Recently, there have been numerous articles and blogs describing a situation involving death, mayhem, lawlessness, ‘evil doers’ and a government’s inability to protect its people. No, these are not reports on Afghanistan or other global hot spots. They are articles about the dietary supplements industry.
The sentiment conveyed in these articles is perhaps expected and understandable given the recent high profile reports involving potentially unsafe dietary supplements. As we noted in our guest article in January, The Food and Drug Administration (FDA) issued more than 40 warning letters to supplement makers last year. Click here for more on that.
Although they may be well intentioned, claims that dietary supplements pose an immediate threat to the American public; that the Food and Drug Administration (FDA) is unable to protect us; and calls for drastic action, may do more harm than good.
Open debate on topics of public health is important, but it is equally important not to mislead the public into believing that the entire dietary supplement industry consists of rogue actors, unchecked by the FDA or existing regulations, when the opposite is true. Rather than panic, these recent high profile reports call for calm, thoughtful consideration that may in the end improve the already robust system in place for these products.
Eye of the storm
In the eye of the storm is DSHEA which was enacted in 1994 to provide a framework for the regulation of dietary supplements.
DSHEA resolved regulatory inconsistencies, provided definitions and established ground rules for dietary supplement manufacturers and marketers. It established standards for dietary supplement ingredients safety, labeling claims, and the communication of accurate and useful information to consumers.
In addition to the general prohibition against selling adulterated or misbranded products, dietary supplements are subject to DSHEA’s special provision for New Dietary Ingredients (NDI), which are ingredients not marketed prior to 1994. Unless certain exceptions are met, companies distributing such ingredients must provide evidence to FDA documenting their safety.
With respect to claims, DSHEA mandates that manufacturers have substantiation for claims they make about their products, and FDA has provided thoughtful, detailed guidance on what type of scientific evidence is needed to support claims.
DSHEA also requires that manufactures notify FDA about claims they are making, and FDA has an opportunity to object to claims that would cause the dietary supplement to be a drug, such as claims that the product is intended to prevent or treat a disease.

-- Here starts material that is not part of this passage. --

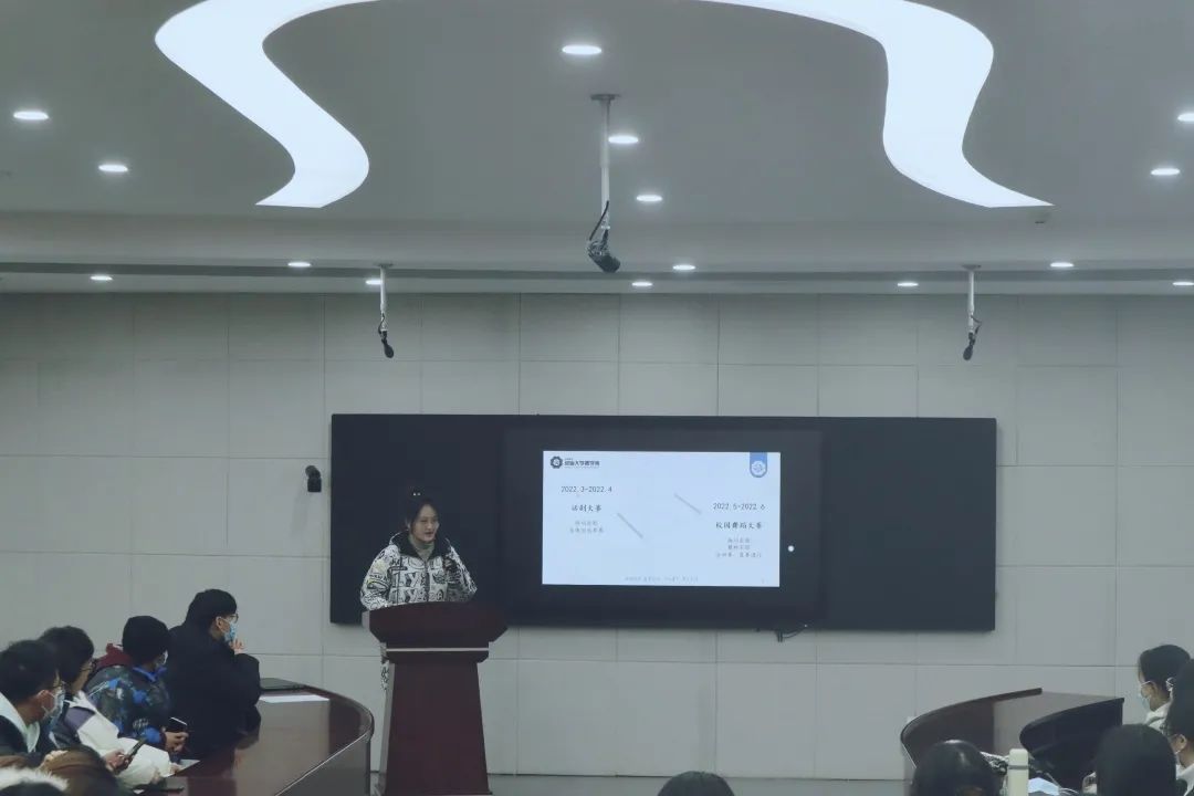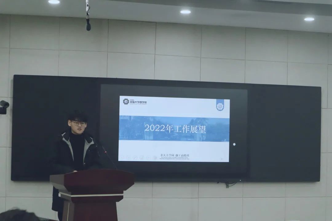 接下来,员工会五个部门负责人代表上台进行了述职汇报。吴欣然首先介绍了当前学习部的部门简介与分工,接着从学业备考、商苑讲坛、考试动员、系列推送四个方面进行了学习部学风建设方面的工作总结,最后针对学习部学风建设等活动与部门内部培训进行了系统的工作规划。李昱臻同学首先对文艺部在2021年所承办的活动与日常推送等工作进行了总结与反思,并对各个活动进行了介绍与图片展示,最后对下一年文艺部将要举办的大型活动如校园舞蹈大赛等进行了规划。体育部负责人刘秩凡同学先是介绍了体育部今年的推送项目与体育赛事的总结,之后提出了明年体育部的工作计划。其目标在于完善组织各项工作,创新体育活动形式,吸引更多员工参与到体育活动之中。黄俊卿同学的汇报针对部门分工、工作总结、未来规划三个部分展开,包括了优秀员工信息收集整合与员工返校等多项工作,最后对于自身部门存在的问题与不足进行分析,并提出切实的行动方案。吴鹏同学对今年的工作包括党史宣讲、社区风采、咨询服务与二十四节气稿件推送等方面进行了年终总结,并对未来稿件的创新与完善员工发展工作室与线上咨询群进行了规划。同时,他对下一年的组织管培与宿舍美化大赛做出了新的设想。

As with any product category, bad news about dietary supplements tends to grab the headlines. However, the fact of the matter is since DSHEA was passed, most of the ‘news’ has been good. DSHEA has allowed countless safe and effective products to be available to the public – calcium, omega-3 fatty acids, vitamin D, folic acid, and iron, to name just a few – without unneeded burdens on the industry or FDA. The public health benefits provided by products like these is immeasurable.

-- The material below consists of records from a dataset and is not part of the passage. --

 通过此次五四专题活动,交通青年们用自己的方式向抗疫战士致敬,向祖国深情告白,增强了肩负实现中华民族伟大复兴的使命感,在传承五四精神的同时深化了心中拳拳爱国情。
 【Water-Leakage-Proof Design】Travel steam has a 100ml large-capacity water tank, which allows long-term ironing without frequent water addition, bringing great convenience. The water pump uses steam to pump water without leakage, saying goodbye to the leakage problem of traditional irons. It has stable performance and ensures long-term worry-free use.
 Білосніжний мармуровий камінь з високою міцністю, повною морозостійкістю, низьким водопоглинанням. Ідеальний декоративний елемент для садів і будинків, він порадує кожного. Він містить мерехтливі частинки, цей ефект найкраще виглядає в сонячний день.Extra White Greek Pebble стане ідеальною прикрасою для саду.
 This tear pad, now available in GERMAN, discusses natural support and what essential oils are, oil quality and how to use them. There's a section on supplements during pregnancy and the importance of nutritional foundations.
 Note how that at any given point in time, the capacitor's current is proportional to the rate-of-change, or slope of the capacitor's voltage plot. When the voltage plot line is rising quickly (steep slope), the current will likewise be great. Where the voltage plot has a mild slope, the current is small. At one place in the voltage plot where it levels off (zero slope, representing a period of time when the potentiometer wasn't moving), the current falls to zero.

In addition, the FDA, despite personnel and budget constraints, is actively regulating the industry under the existing regulatory framework. Just this month, FDA identified and seized $1.3 million of adulterated supplement products. Click here for that story.
Moreover, since DSHEA was enacted, Congress and FDA have taken several important, considered measures to improve the regulation of dietary supplements. For example, Congress closed an important loophole when it enacted the Dietary Supplement and Non-Prescription Drug Consumer Protection Act of 2006, which, for the first time, requires that manufacturers of dietary supplements report serious adverse events associated with their products to FDA.
FDA has also promulgated comprehensive Good Manufacturing Practices (GMP) requirements for dietary supplements. The GMP rules require, again for the first time, that companies have systems in place to ensure that their products are consistently manufactured so that the label accurately reflects what is in (and not in) the products. Measures such as these should reduce the instances of headline-grabbing cases such as those discussed above.
Of course, like any piece of legislation, there may be ways DSHEA can be improved. However, to avoid unintended, unforeseen consequences, any change to the law must be very carefully considered.
Quick-fix or double trouble?
A recent example of the unintended consequences of a well-intended legislative ‘fix’ is the Consumer Product Safety Improvement Act of 2008 (CPSIA). Quickly enacted in response to the public outcry from the findings of lead in some children’s toys, the CPSIA has overwhelmed both the Consumer Product Safety Commission (CPSC) and the industry in mandates that seem to do little to protect public health.
For example, read literally, the CPSIA requires manufacturers of cotton baby blankets to test and certify that their products do not contain lead. While reasonable changes to the law may have been warranted, these changes not only weigh down an industry already overburdened in a difficult economy, they also overburden an already overburdened government agency, and that may impact its mission to protect public health.
That is precisely the outcome that Congress, FDA and the public should seek to avoid. Hasty action concerning a complicated body of law can have unforeseen consequences for the industry, the government and the public. At a time when the issues facing the agency and the Congress require complex analysis, let’s hope that cooler heads prevail.
Ivan Wasserman is a partner, and Svetlana Walker is an associate at Manatt Phelps & Phillips in Washington, DC. They specialize in advertising and labeling issues for the food and dietary supplement sectors.